LPGA releases drugs guide
March 22, 2007
THE US LPGA Tour's list of banned substances, for when it begins drug testing next year, does not include human growth hormone. The tour said today that, among other substances, it will test for 33 anabolic steroids, 29 stimulants and 20 beta-blockers.
It is not as comprehensive as the World Anti-Doping Agency's (WADA) prohibited list, but US LPGA Tour general counsel Jill Pilgrim said it wants to target drugs that would enhance golf performance.
"The easiest thing would have been to just go ahead and take the WADA list of prohibited substances that the Olympics use," said Pilgrim, who held the same position with USA Track & Field.
"We thought about that and decided that in golf in general, and women's golf in particular, there's no sense that there's a problem per se.
"To me, you have to be responsible about developing a program.

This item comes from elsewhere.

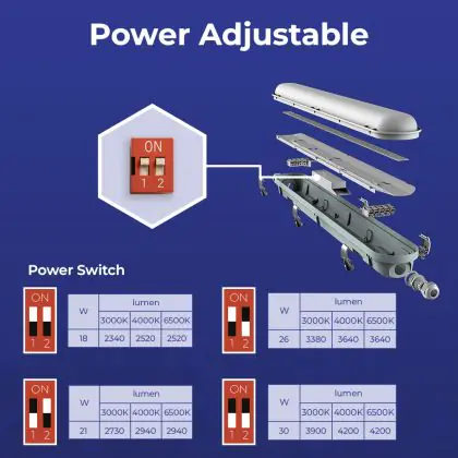 Descrizione Noxion Stagna LED Poseidon V3.0 30W 3900/4200lm - 830-865 CCT | 120cm - Cablaggio Entra/Esci (5x2.5mm2) - Sensore Di Movimento E Luce

You don't just throw everything at the wall and say, 'OK, we're going to ruin your career for testing positive even though we have no proof that it has any impact on the sport.' That wouldn't make sense."
The tour will not test for HGH, which is on WADA's banned list and has become the latest drug of choice among athletes in other sports.
Pilgrim said the tour does not ban HGH because "we don't have any evidence that HGH is a problem in women's professional golf.
"It was easier to say, 'Let's leave that off for the first round and let's see where we end up after we start doing some drug testing'," she said.
Tour officials developed the list after consulting with the US National Centre for Drug Free Sport in Kansas City, which handles testing for college sports.
"It's not written in stone," said Pilgrim.
"We know that the list will evolve over time."
Officials presented the list to players at a meeting yesterday, and world No.1 Annika Sorenstam, a member of the tour's drug-testing subcommittee, said she hadn't heard of most of the banned substances.
"I'm not very familiar with any of those substances, and I don't really know what they are other than caffeine (which is not banned) and cocaine, I think," she said.
"I have a lot of learning to do, but I think it's an important statement that we're making.
"It's a new era for the LPGA," said Sorenstam. "We're standing behind it."